Top of SOURCE DATA

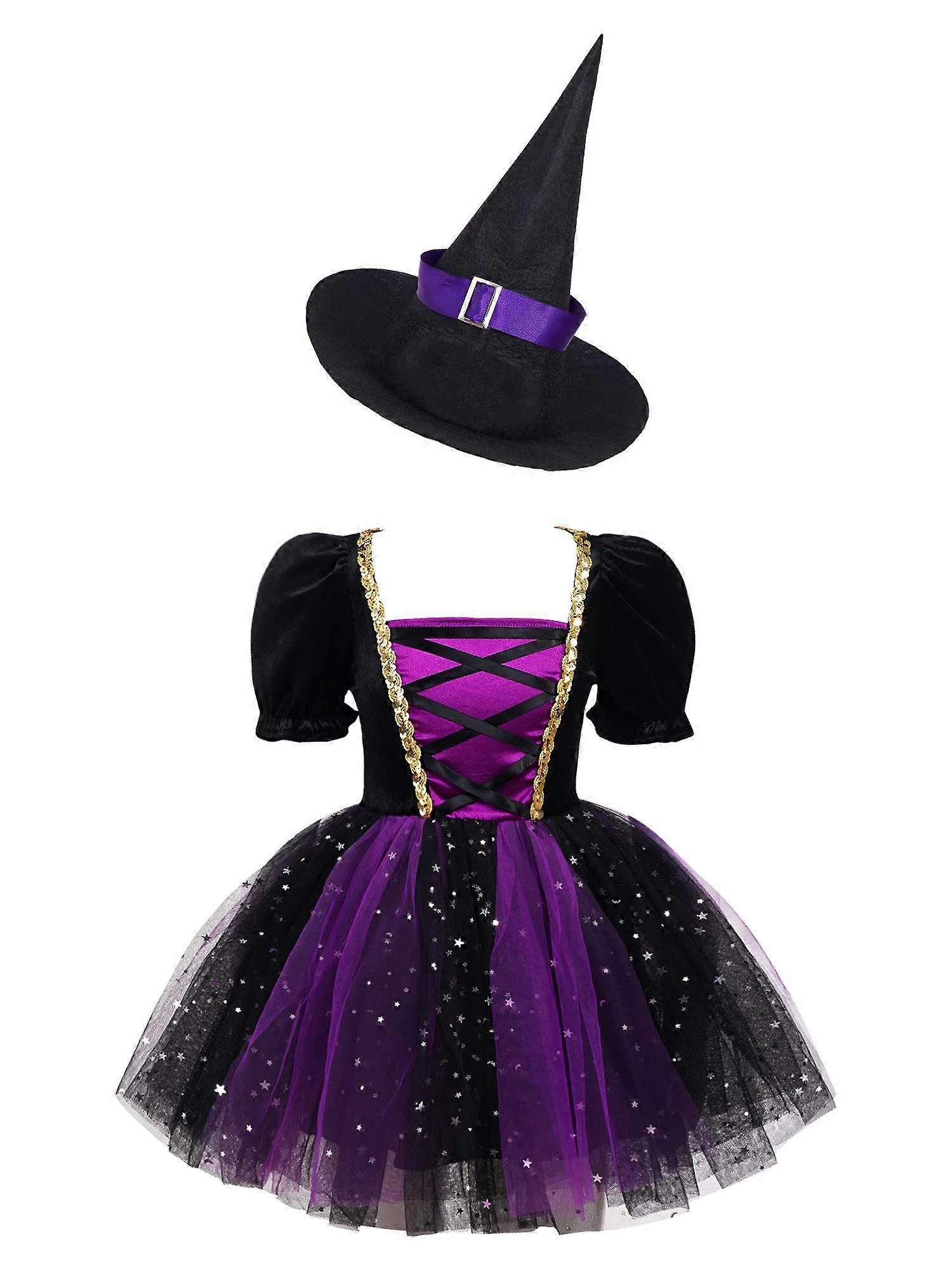 Kid Girls Witch Costume Short Bubble Sleeve Glittery Mesh Tutu Dress with Pointed Hat for Halloween Cosplay Dress Up Performance
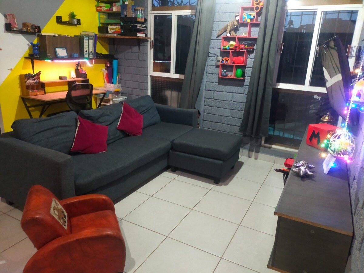 Welkom in mijn appartement, gelegen op de derde verdieping en ingericht met werken van kunstenaars en Oaxaca ambachten om je onder te dompelen in onze cultuur. Vanwege de locatie heb je het stadscentrum op 12 minuten rijden, de archeologische zone van Atzompa 10 minuten, een winkelplein 5 minuten en zelfbedieningswinkels. Het heeft ook een eigen parkeerplaats en een panoramisch uitzicht. De welkomstmezcal is van het huis.
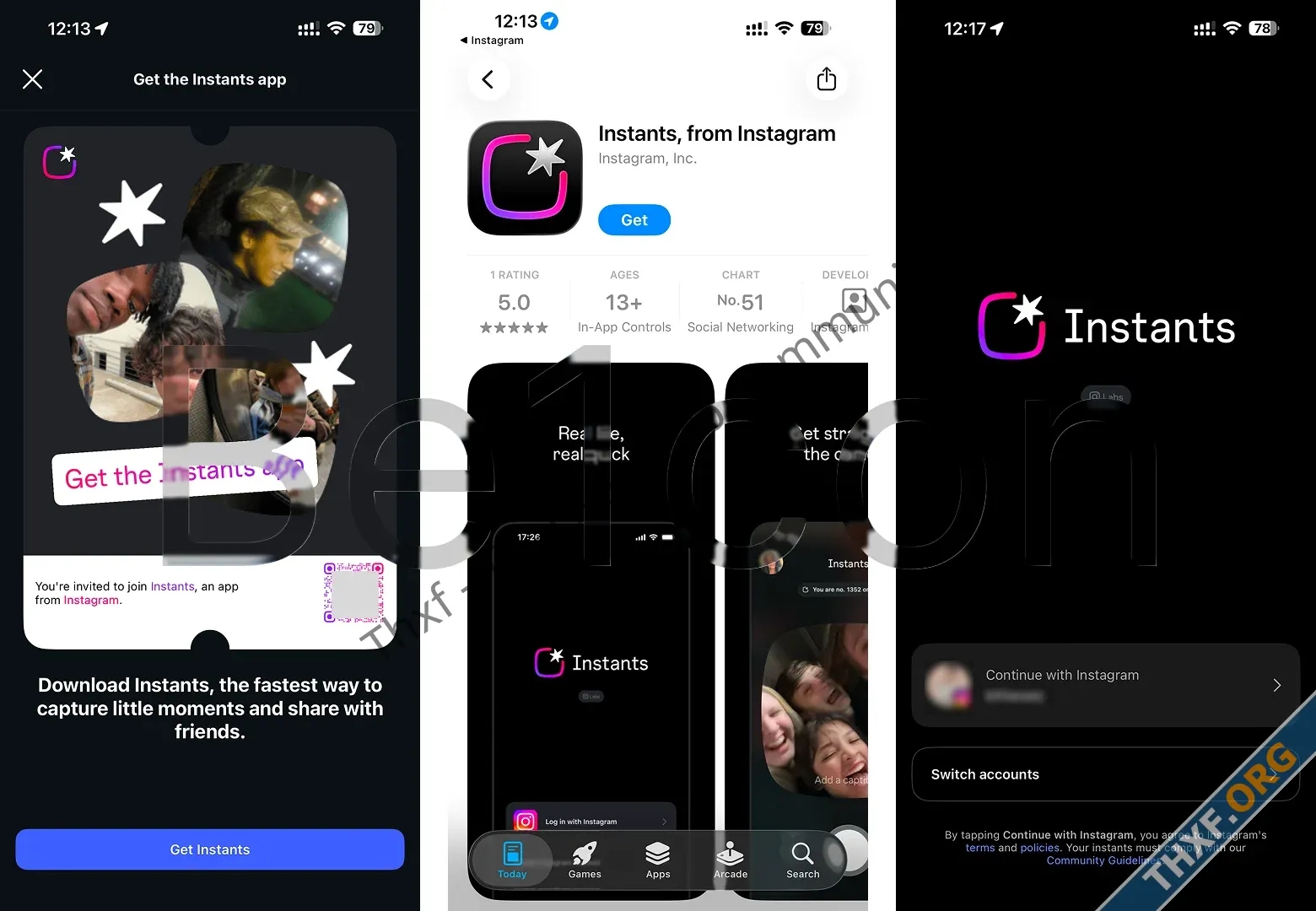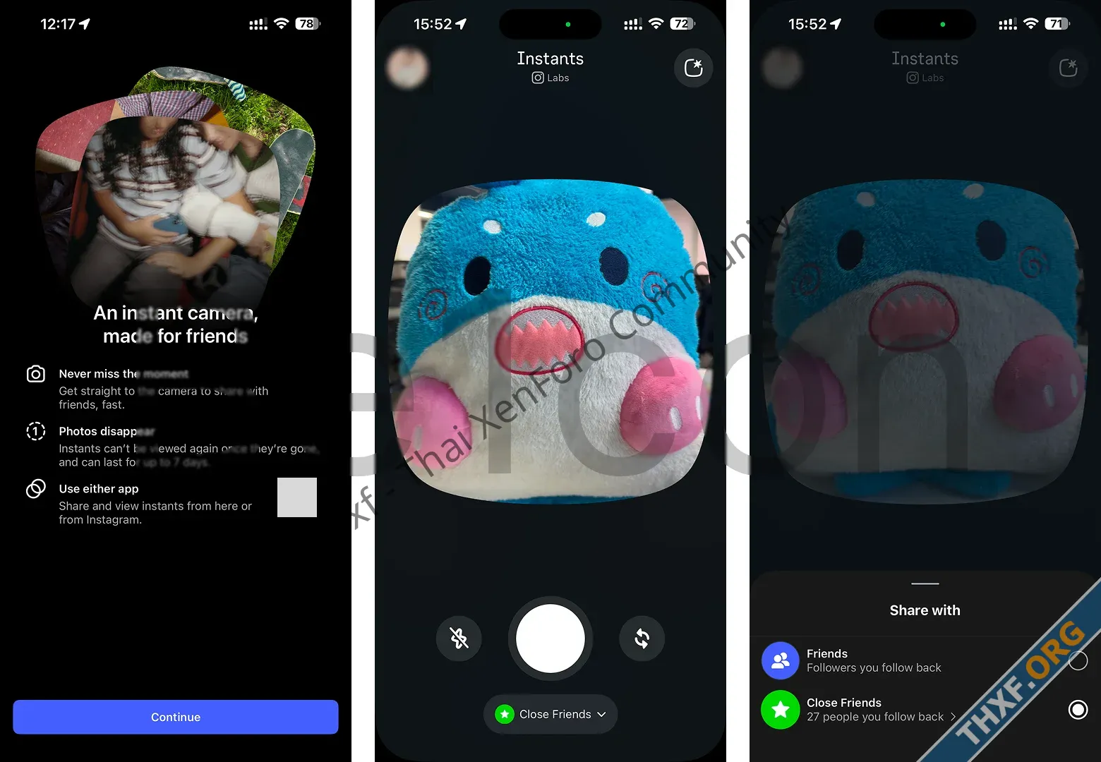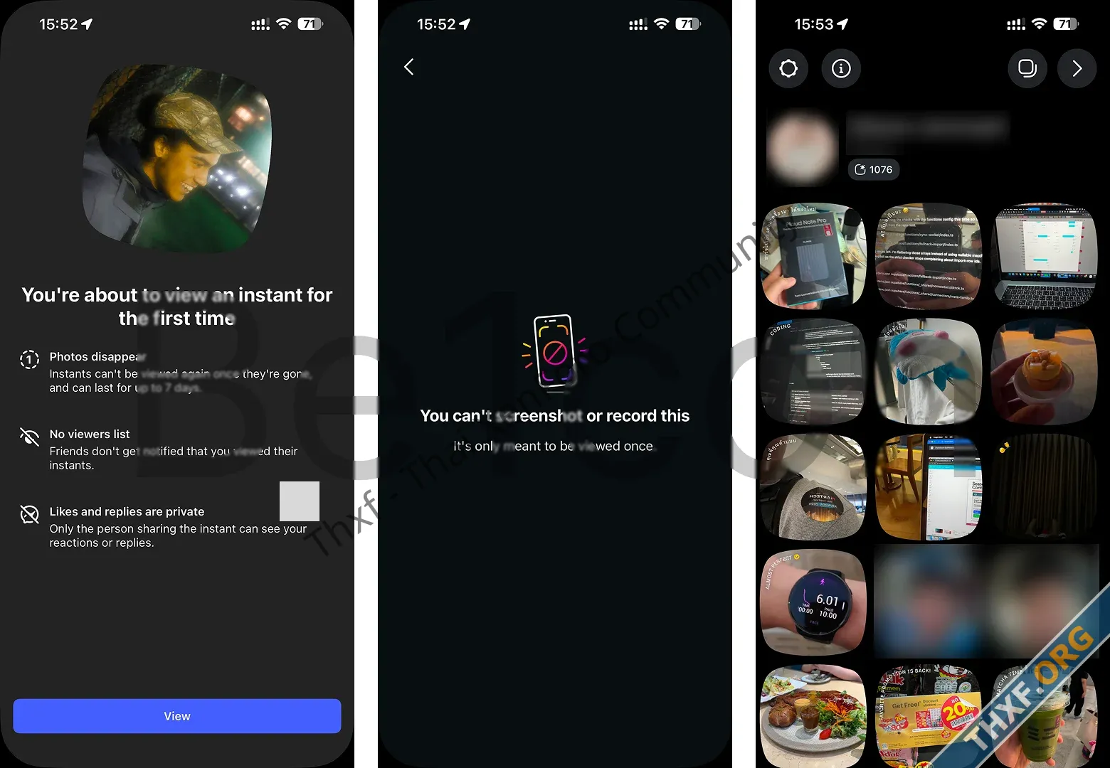 แน่นอนว่า ตัวแอปยังคงอิงจาก Instagram เป็นหลัก และการแชร์เนื้อหาจากแอป Instants จะยังคงมองเห็นได้ทั้ง Instagram และ Instants ครับ แถมคอนเซปต์ยังเหมือนกันกับที่อยู่บน Instagram อีกด้วย ทั้งการป้องกันการแคปหน้าจอ (ภาพตรงกลางด้านล่าง) หรือแม้แต่การใส่ข้อความใน Instants

Bottom of SOURCE DATA

● **TASK**
Copy out every line above without change, dropping the pictures.

● **COMPLETED TASK**
 Kid Girls Witch Costume Short Bubble Sleeve Glittery Mesh Tutu Dress with Pointed Hat for Halloween Cosplay Dress Up Performance
 Welkom in mijn appartement, gelegen op de derde verdieping en ingericht met werken van kunstenaars en Oaxaca ambachten om je onder te dompelen in onze cultuur. Vanwege de locatie heb je het stadscentrum op 12 minuten rijden, de archeologische zone van Atzompa 10 minuten, een winkelplein 5 minuten en zelfbedieningswinkels. Het heeft ook een eigen parkeerplaats en een panoramisch uitzicht. De welkomstmezcal is van het huis.
 แน่นอนว่า ตัวแอปยังคงอิงจาก Instagram เป็นหลัก และการแชร์เนื้อหาจากแอป Instants จะยังคงมองเห็นได้ทั้ง Instagram และ Instants ครับ แถมคอนเซปต์ยังเหมือนกันกับที่อยู่บน Instagram อีกด้วย ทั้งการป้องกันการแคปหน้าจอ (ภาพตรงกลางด้านล่าง) หรือแม้แต่การใส่ข้อความใน Instants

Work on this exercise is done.